I'm not the only one who is disappointed in the U.S. Supreme Court's refusal to overrule Brulotte v. Thys, the case establishing the per se unenforceability of postexpiration patent royalties (see my post here). For further criticism of the Court's elevation of form over substance, see Judge Richard Posner's article in Slate (which also discusses the U.S. Supreme Court's decision in King v. Burwell, on the Affordable Care Act) and Professor Herb Hovenkamp's paper Brulotte's Web, available on ssrn here. Key quote from Judge Posner: "Justice Elena Kagan’s majority opinion is a veritable paean to stare
decisis, which means adhering to precedent. When a half century–old
precedent is demonstrably erroneous, and has not generated substantial
reliance interests, and doesn’t even have a constitutional or statutory
pedigree but is purely judge-created, the refusal to overrule it is mere
antiquarianism." Here is Professor Hovenkamp's abstract:
Kimble v. Marvel Entertainment held that stare decisis required the Supreme Court to adhere to the half century old, much criticized rule in Brulotte v. Thys. Justice Douglas' Brulotte opinion concluded that license agreements requiring royalties measured by use of a patent after its expiration are unenforceable per se. The court need not inquire into market power nor anticompetitive effects, effects on innovation, and it may not accept any defense. Congress can change the rule if it wants to, but has resisted many invitations to do so.
Under Brulotte a hybrid license on a patent and a trade secret requires a royalty reduction when the patent expires. But there is little reason for thinking that a process is worth more to a licensee when it is covered by both a patent and a trade secret than when it is covered by only a single right. What the licensee wants is access to a technology that reduces its costs or improves the quality of its output.
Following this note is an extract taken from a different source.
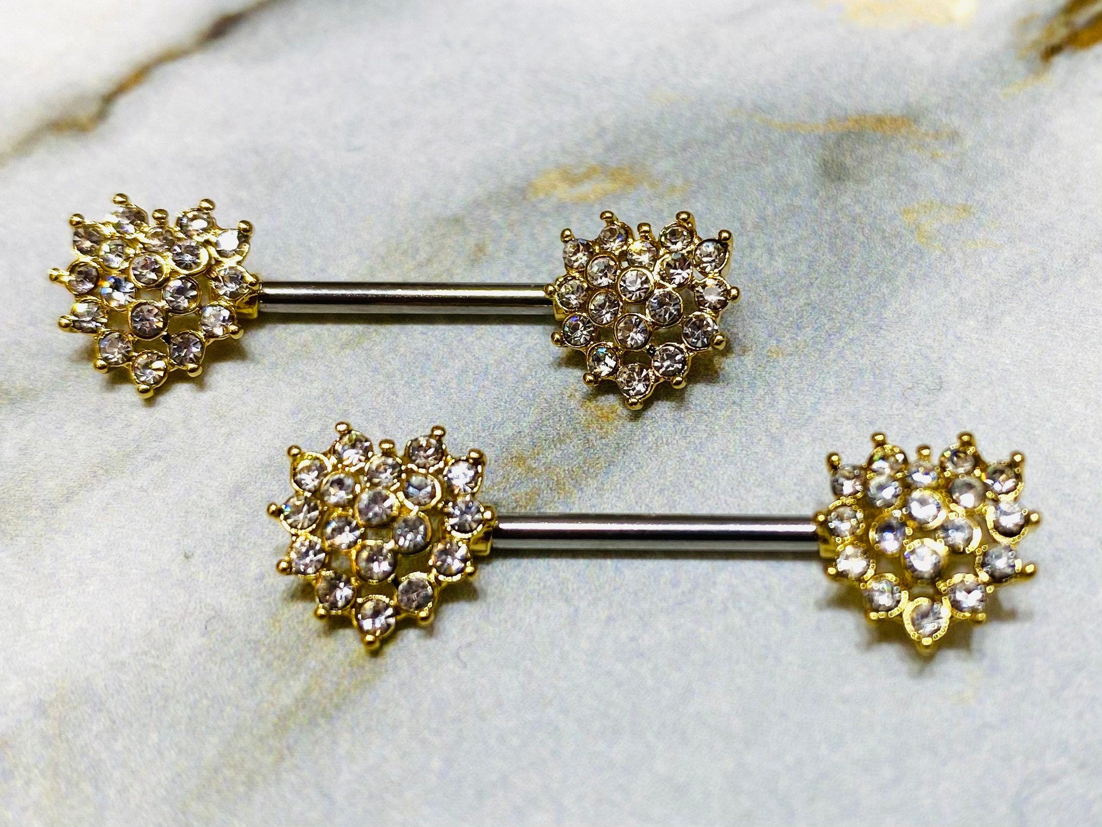 A set of 14g gold crystals paced hearts nipple barbells.
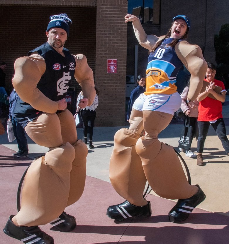 Muscle suits can be themed for sporting teams – just supply an XL guernsey and shorts and the guys can join the team!

Those numbers are determined by market value and product competition, and are not obviously affected by the number and kind of IP rights that they embody. For example, the price I am willing to pay for a patented weed killer for my back yard is not higher because I know that production of the weed killer is protected by a trade secret as well as a patent.
One area where Brulotte/Kimble threatens efficient risk sharing is reach through royalties. Researchers in some areas often require costly patented research tools, or inputs, that may produce considerable value once a successful product has been developed. The research might succeed in producing a valuable drug but there is also a high chance that it will fail. A rational way to price out such an asset is conditionally, perhaps with little or no royalty during the research period, but a substantial royalty down the road if the project succeeds. Depending on the age of the patent and the timeline for the project, this can contemplate royalties on the pharmaceutical drug long after the patent on the research tool expires.
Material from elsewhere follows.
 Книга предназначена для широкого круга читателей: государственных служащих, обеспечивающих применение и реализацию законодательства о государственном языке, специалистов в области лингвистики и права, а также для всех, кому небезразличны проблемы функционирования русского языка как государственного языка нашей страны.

A lively debate has emerged about the economics of reach through royalties, with some believing that they contribute to a patent "thicket" that is difficult for researchers to negotiate, and others arguing that they constitute a reasonable form of risk sharing. That issue is a serious one and should never be addressed by any rule as ham handed as the Brulotte per se rule against post-expiration royalties.
One problematic effect of Kimble is that antitrust tying law is undergoing a process of revision that is coming close to removing per se illegality. That has largely happened for just the reasons that the Court suggested: the underlying economic theory has changed, de-emphasizing harmful leverage and emphasizing efficiencies. By contrast, the patent law of tying arrangements -- heavily borrowed from antitrust -- remains stuck in a time warp until Congress gets around to changing it.
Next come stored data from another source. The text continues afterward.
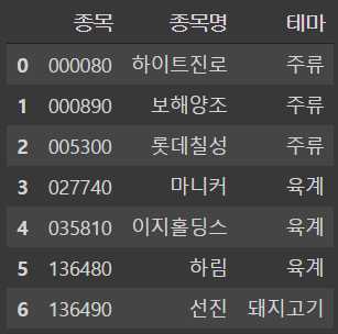 '테마' : ['주류', '주류', '주류', '육계', '육계', '육계', '돼지고기']}
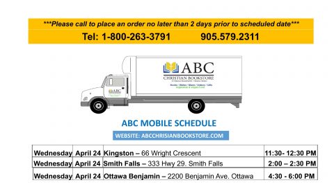The ABC Christian Bookstore will be at the Ottawa Adventist Church Wednesday, April 24, from 4:30 p.m. to 6:00 p.m. Please call 1-800-263-3791 or 905.579.2311 to place an order no later than two days prior to the scheduled date. https://
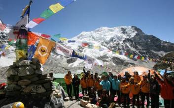 '라마여, 굽어 살피옵소서'2007 한국 로체·로체샤르 원정대가 4월 1일 오전 10시(현지 시각) 라마제를 지내고, 무사히 등반을 마칠 수 있도록 빌었다. 청록색 하늘 아래 도도히 서 있는 로체(8516m) 남벽 오른편 베이스캠프(5220m) 상단에 마련된 제단에는 네팔 제사 음식과 한국 원정대가 가져온 음식들로 채워졌다. 너럭 바위를 기단으로 작은 돌맹이를 쌓아올린 제단의 중앙에는 전통적인 라마 불교의 제상이 차려졌다. 한켠에 부처의 사진과 중앙엔 다다르(달라이 라마를 상징하는 조형물), 도르마(산양을 형상화한 음식), 잠바(일종의 약과)를 놓았다. 그리고 제단 윗부분으로는 대원들의 등반 장비를 빙 둘렀다. 한 대원의 헬멧에 씌여진 "할수 있습니다 그리고 믿습니다"라는 문구가 거대한 로체 남벽에 대한 의연한 자세를 보여준다. 제단의 기단 밑으로는 원정대가 가져온 갖가지 음식과 과일들로 빙 둘러싸고, 그 중앙에 라마가 자리를 잡았다. 2007 한국 로체샤르,로체 남벽 원정대의 성공과 무사귀환을 기원하는 라마제가 1일 오전(현지시간) 로체봉 앞 베이스캠프에서 열렸다.라마제 도중 대원들이 제물로 바친 쌀을 공중에 뿌리고 있다.원정대는 라마제가 끝난뒤 바로 장비 캠프를 비롯한 캠프 구축에 나서게 된다.캠프 구축이 예정대로 진행될 경우 정상 등정은 5월 중순경이 된다. 로체=김춘식 중앙일보 기자밍마 도르지 라마는 베이스캠프에서 5시간 거리인 팡보체 사원(Pangboche Monastrey)에서 특별히 이번 라마제를 위해 1일 아침 합류했다. 동네 할아버지를 연상시키는 폴라텍 소재의 상의와 편한 바지를 입은 상태에서 왼쪽 어깨에 추바(짙은 감색의 라마 승복)를 걸친 뒤, 경전을 읽기 위해 검정테 안경을 꺼내 들었다. 밍마의 앞에는 다시 제상이 차려졌는데, 차와 창(세르파 가정에서 만드는 일종의 막걸리)을 놓고, 그 옆으로 쌀이 가득 담긴 접시를 놓았다. 오전 10시가 되자 밍마는 조용한 음성으로 제를 주관했다. 밍마는 양 손에 북셀(바라)을 들었고, 옆에 앉은 세르파는 응아(북)를 들었다. 북셀과 응아을 치고 난 뒤 들릴 듯 말 듯한 음성으로 20여분간 경전을 읊었다. 그 사이 주변에 있는 세르파들은 오색 룽다(깃발)가 걸린 기둥을 세워, 제단에 살포시 얹어 놓았다. 밍마는 좀 더 빠른 장단으로 독경하며, 찹(튜라는 나뭇가지에서 우려낸 물)을 사방으로 뿌린다. 세르파들은 다시 오색룽다가 묶여 있는 기둥에 다섯 갈래의 룽다묶음을 길게 늘어뜨려놓는다. 밍마의 독경은 계속되고, 세르파들은 오색 룽다가 걸린 기둥을 제단의 맨 꼭대기에 올려놓는다. 제단 주변은 빨래줄에 만국기가 휘날리는 듯 하다. 제가 진행되는 동안 대원들은 말이 없다. 묵묵히 지켜보는 대원들의 의연한 표정과 선글라스 렌즈에 비친 웅장한 로체의 형상이 묘한 대조를 이룬다. 오색 룽다 기둥이 세워지고, 한 세르파가 대원들에게 쌀을 조금씩 나눠준다. 라마의 독경이 잠시 침묵을 고하고, 세르파들의 함성과 함께 대원들의 손에 쥔 쌀은 제단에 뿌려진다. 같은 방법으로 밀가루를 제단에 뿌린다. 초지일관 숙연했던 분우기는 엄홍길(47 트렉스타) 대장이 대원들 얼굴에 밀가루를 뿌리면서 다소 긴장이 풀리는 듯 하다. 세르파들도 자기네들끼리 얼굴에 밀가루를 뿌려가며 유쾌한 분위기다. 라마제는 지난 2003년 엄홍길 대장과 함께 로체샤르를 등반하다 사고를 당한 박주훈, 황선덕 대원의 영혼을 달래는 묵념으로 마무리지었다. 엄홍길 대장은 "이제부터 진짜 시작이다"며 "'도전, 인간 한계를 넘어'라고 정한 이번 등반의 기치가 부끄럽지 않도록 최선을 다할 것"이라고 소감을 밝혔다. 이에 앞서 원정대는 29일, 로체 남벽 아래 왼편 5220m 지점에 베이스캠프를 구축했다. 22명의 원정대원과 17명의 세르파가 80여일 간 머물게 될 베이스캠프는 로체 아래 '코리안타운'을 연상시키는 대규모 텐트촌이 됐다. 대원들이 머무르게 될 12동의 텐트와 세르파 숙소 7동, 식량과 장비 저장 텐트 5동, 주방과 식당용으로 쓰일 대형 텐트 각각 1동, 일명 '패밀리룸'으로 불리게 될 20인용 대형 돔 텐트 1동, 그리고 화장실 텐트 4동이다.로체 베이스캠프(네팔, 5220m)=김영주 기자 2007.04.02 19:08

In defending its rule of stare decisis, the Kimble Court also observed that the challenged practice involved two areas of law, property and contract, where stare decisis has traditionally been regarded as strong because of reliance interests. A legal regime that previously permitted unlimited licensing but then adopted the Brulotte rule could certainly upset many reliance interests. When the legal change is in the other direction, however the weight of reliance interests is less clear. The real impact of overruling would be on those people, who like the parties in Kimble, wrote their agreements in ignorance of Brulotte. In such cases the effect of overruling would be that these parties would get precisely what they bargained for.
The Kimble Court rejected Kimble's proposed alternative -- namely, that post-expiration royalty extensions be addressed under a rule of reason. The Court found this unacceptable, substituting a bright line (although ill conceived) rule for something as complex and indeterminate as antitrust's rule of treason. But nearly every commercial transaction in the country is subject to antitrust evaluation under Section 1 of the Sherman Act. Agreements requiring post-expiration payments would join the general run of agreements that are nearly always legal.Finally, for those of you with access to Bloomberg BNA's World Intellectual Property Report, Canadian attorney Sheldon Burshstein has published an interesting article (available here, behind a paywall) titled "Law on Post-Patent Royalties Differs Between Canada and U.S." As the title suggests, Mr. Burshtein believes that Kimble would have come out the other way in Canada.